Nothing unusual there.
Except the results.
PPC Ad Lab returned advertisers from all over the world – NJ (obviously), California, UK, Australia and more.
“Your data must be wrong” challenged the user in live chat, after all, he and his Ads Manager, believed that the competition in this market was local hypnotherapists.
But how to prove that our data was accurate? After all, every Google search is different, and if I ran the query again using our tools, why would it be any more believable than the first time. If I got the same results, it proved to the user it was wrong. If I got different results, it proved our system was unreliable.

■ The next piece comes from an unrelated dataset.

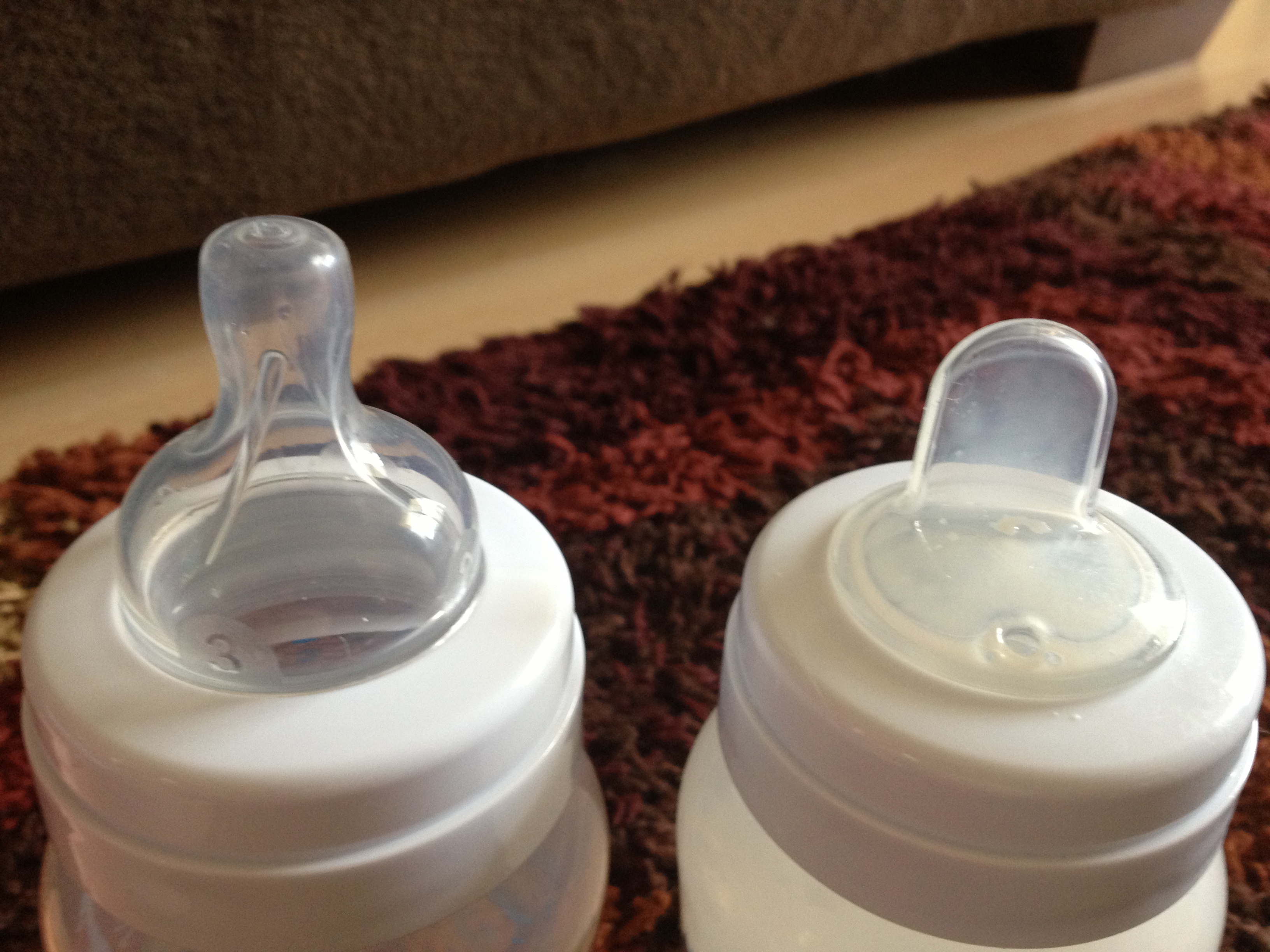 Speaking of progression, here is an area where he is fighting us tooth and nail. The bottle. I cannot get that kid off the nipple. He doesn’t care what style or shape the cup is — he’d probably even drink out of Flavor Flav’s chalice — it just better have a nipple on top. The hard plastic sippy cups inspire instant anger and hurling of the container, so we tried the sippy cups that are interchangeable with his bottle. We can either have the sippy cup mouthpiece or the regular nipple. He hates this sippy cup mouthpiece a little less because it’s pliable like a nipple, but other than sticking it in his mouth a few times, he just plays with his bottle. His speech therapist gave us some things to try, but thus far, no luck. Maybe his college roommate will shame him away from it.

So I needed another approach.
And turned to the Google Ads Preview Tool, and ran each search (for a dozen keywords, in 7 different locations) manually. And repeatedly.
We had found lots of advertisers, but of course the preview only shows a maximum of 5 on any search, so we refreshed. A lot.
But…
After a day of refreshing and searching, we had verified every single one of our results.
UK hypnotherapists were in fact advertising in New Jersey with digital and virtual offerings.
So were the advertisers from Australia and across the US.
The market that this agency thought their struggling client was competing in, was not the market that they thought at all.
Consequently, (and I’m assuming now as I don’t know the client name), there messaging and offer was off. That’s why the client struggled.
If you don’t understand your market and your competition you simply can’t compete effectively. Your offer not only has to be great, but it has to make sense, in context of the competition. And not the competitors you THINK you have, but those who you ACTUALLY compete against, in real-time in the Google search results.
For this agency, it’s no longer a case of hiding this “unreliable data” from the client, it’s about rebuilding the offering with a whole new understanding of their competition.